The problem is the scaling is whack. Okay, you can have 5000 federated servers with users subscribing to Selfhosted@lemmy.world, but that means lemmy.world needs to update 5000 servers per post, and there'll be 5000x storage used for that post, and ALL 5000 servers contacts lemmy.world to get the new good stuff.

Frankly, it's a scaling nightmare. As for a different approach, you could have private / public keys and sign updates from lemmy.world and allow the other instances to fetch the new data from each other. That would also allow more relaxed caching, since it would be generally lower cost to re-fetch the data. Now you need aggressive caching because you don't want lemmy.world to keel over and die form every server on the planet wanting to hear the latest and greatest posts all the time.

Thanks for the in depth write up! I haven't looked too far into the docs or the subscription model, but is this a fault on Lemmy's end, or is this a function of how activity pub handles federated communication? (I'm very new to activity pub/federation, just now reading through the activity pub docs)

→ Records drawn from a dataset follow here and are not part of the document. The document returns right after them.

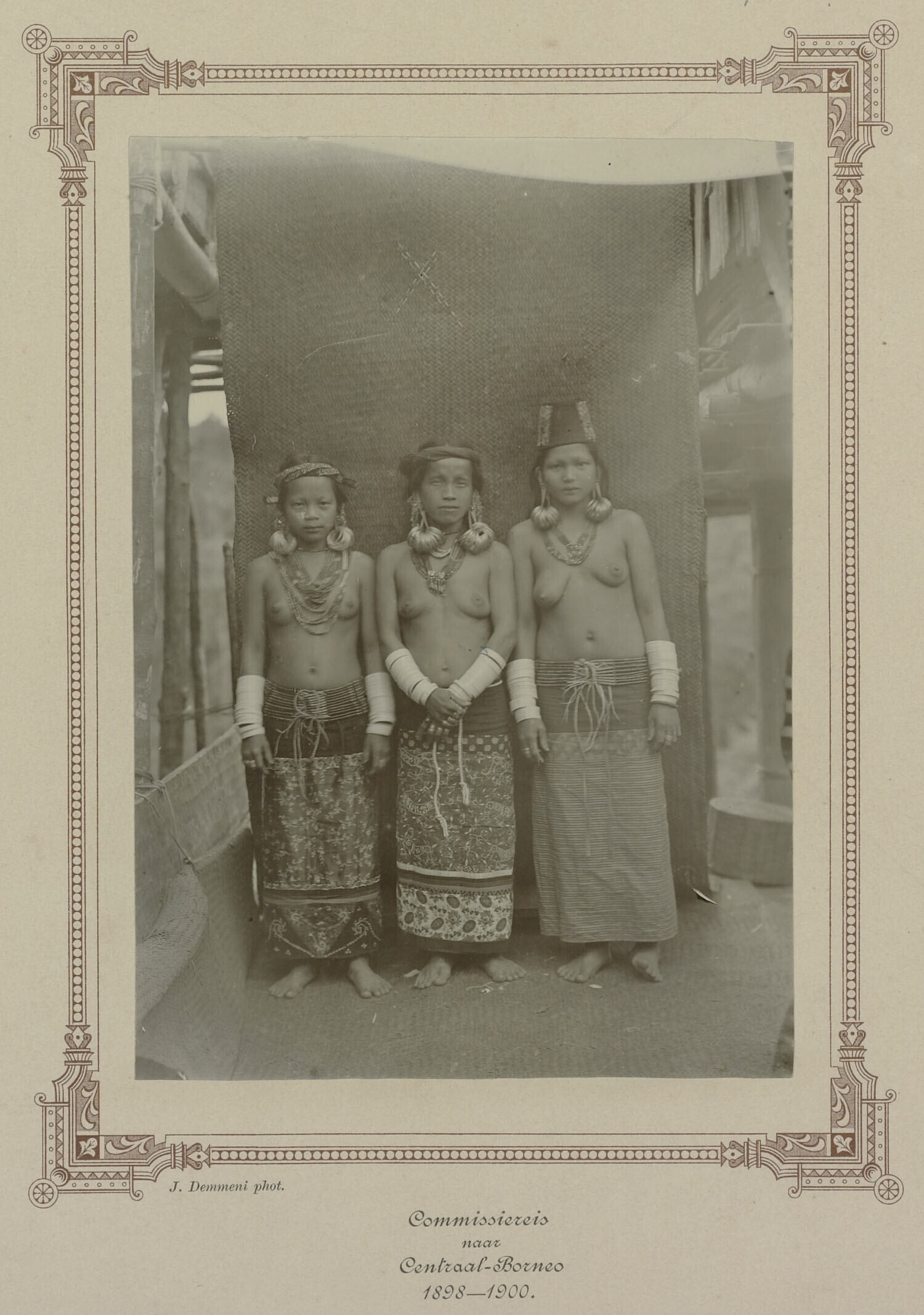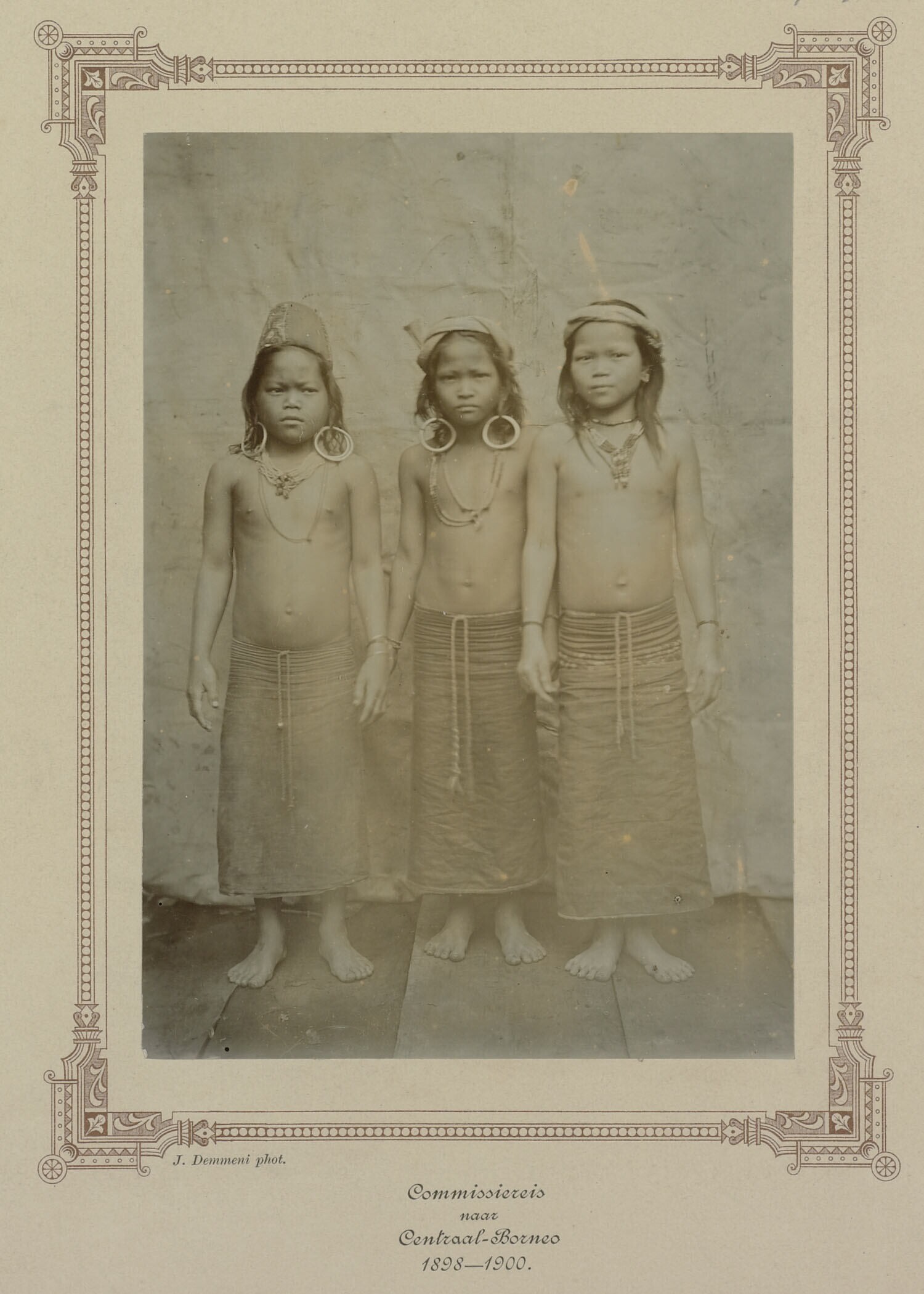 Groepsportret van Oenjang, Oeãn en Agong, drie Kajan...
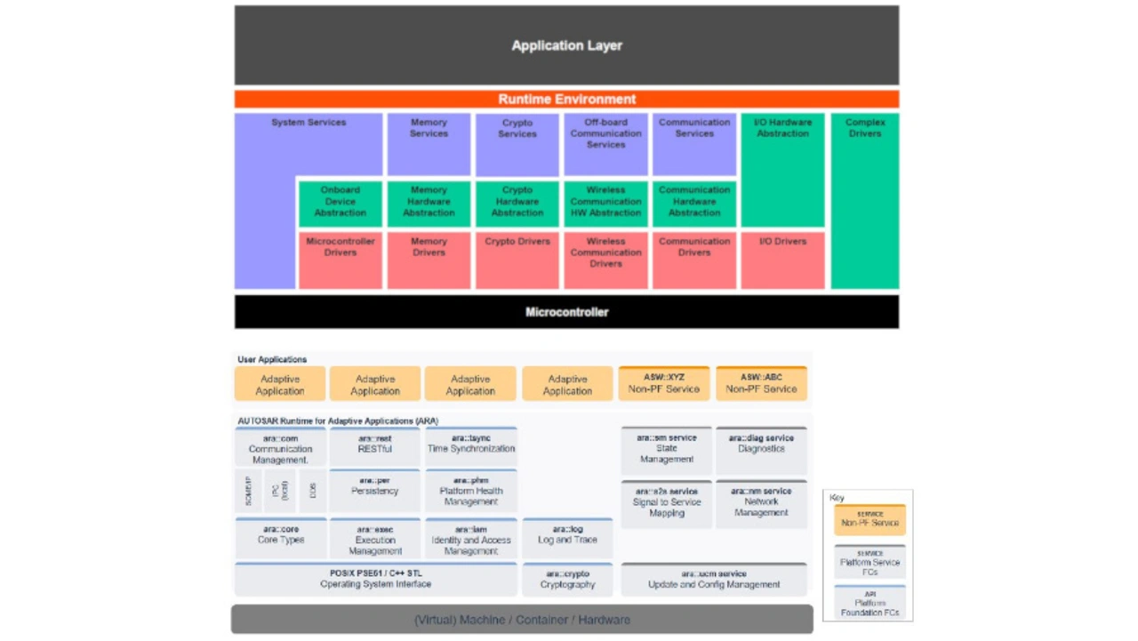 Die vorherige AUTOSAR-Architektur (Bild 3) war hauptsichtlich eine geschichtete Architektur für tief eingebettete Systeme, also für Systeme mit begrenzten Hardware-Ressourcen. Dort werden Programme ausschließlich aus dem eigenen Speicher unter statischer Konfiguration ausgeführt, die Kommunikation nutzt etablierte Fahrzeug-Bussysteme wie CAN, LIN, FlexRay und neuerdings auch das Ethernet. Es wurde im Grunde nicht für Steuergeräte ausgelegt, die nach der SOP-Phase eine regelmäßige Aktualisierung benötigen - etwa wegen kritischer Sicherheits-Patches oder um Fahrzeugfunktionen ergonomischer zu gestalten.
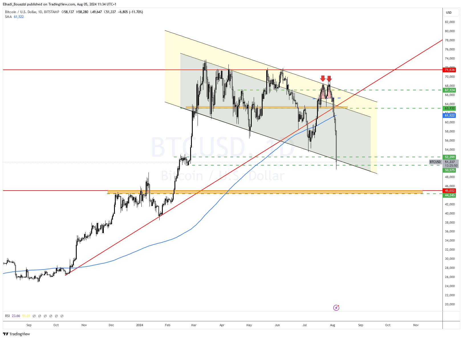 في هذا الانهيار، كسر السعر كل مستويات الدعم السابقة ليصل إلى أدنى مستوى منذ منصف فبراير الماضي، من بينها القاع السابق عند مستوى 55,700 دولار .

I do like your idea of distributed replication via keys,much better than what I had brainstormed

Edit: yeah it does look like it's a function of activity pub, wonder if theres a more scalable federation protocol out there

Could lemmy.world put a load balancer in front and use that to direct requests to different instances of lemmy.world? Not sure if that question is dumb I'm not a technical guy.

It's not dumb at all, and it's a common scaling technique. But the software needs to support it, and I have no idea if lemmy has support for running multiple instances for one server.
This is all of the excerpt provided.